### Records from a dataset:
▬▬▬

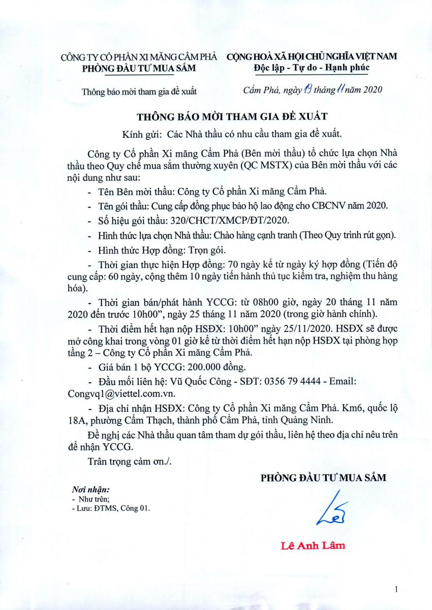 Thông báo mời tham gia đề xuất cung cấp đồng phục bảo hộ lao động cho CBCNV năm 2020
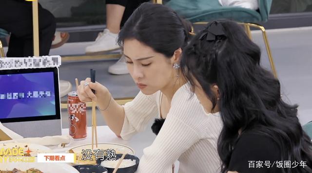 好不容易等到上菜了,赵丽颖吃了一口米粉,却发现没有熟。
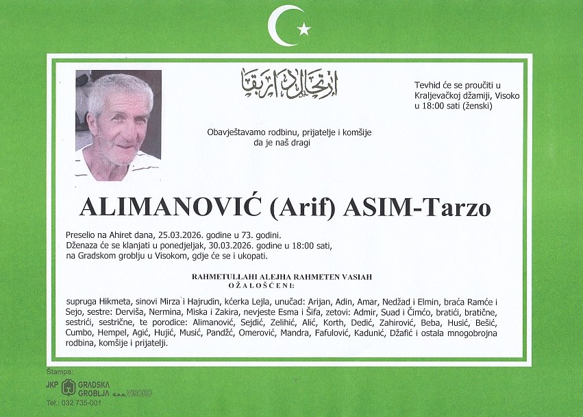 ALIMANOVIĆ (Arif) ASIM-Tarzo 30.03.2026. u 18:00 sati
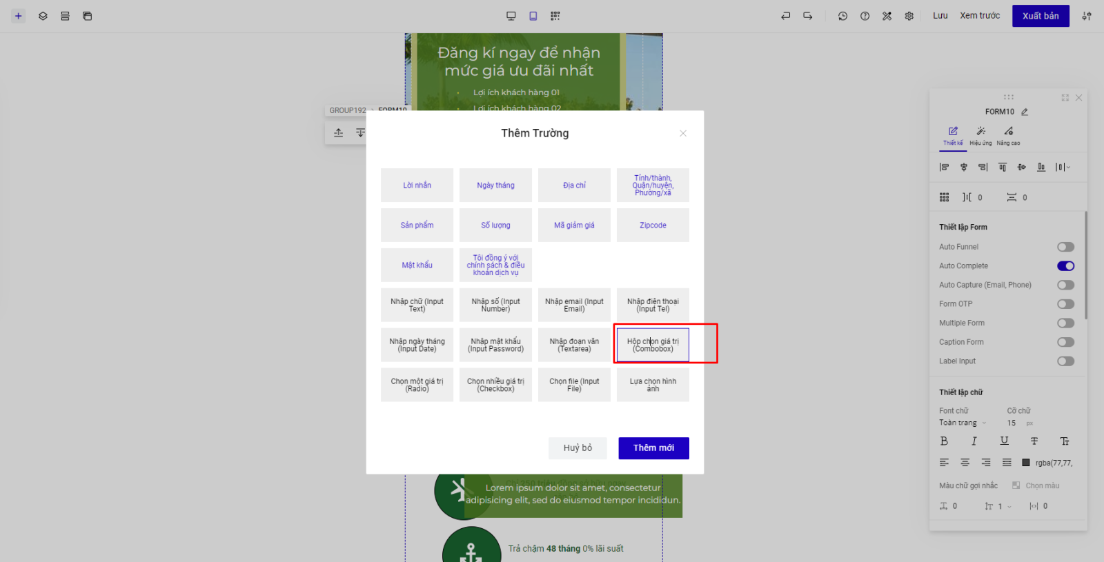 Bước 2: Anh/chị thêm trường data => chọn Hộp chọn giá trị => Thêm mới
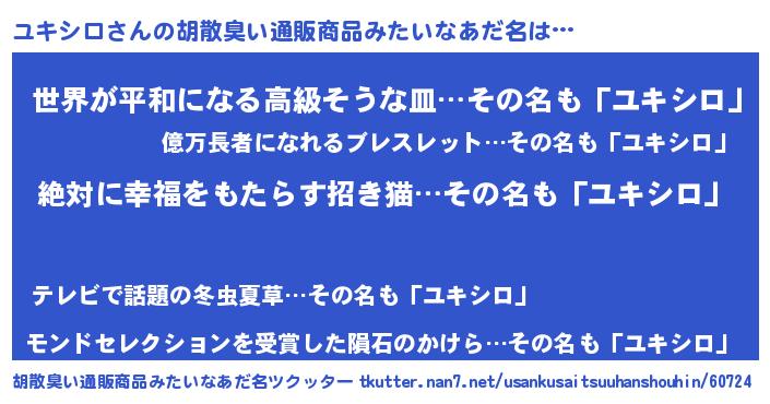 | ヘコむあだ名 | 『ユキシロ(小並感)』『なまこ酢』 |

▬▬▬

What is needed is an exact copy of all the data, with no images in it.

### RESPONSE AREA:
 Thông báo mời tham gia đề xuất cung cấp đồng phục bảo hộ lao động cho CBCNV năm 2020
 好不容易等到上菜了,赵丽颖吃了一口米粉,却发现没有熟。
 ALIMANOVIĆ (Arif) ASIM-Tarzo 30.03.2026. u 18:00 sati
 Bước 2: Anh/chị thêm trường data => chọn Hộp chọn giá trị => Thêm mới
 | ヘコむあだ名 | 『ユキシロ(小並感)』『なまこ酢』 |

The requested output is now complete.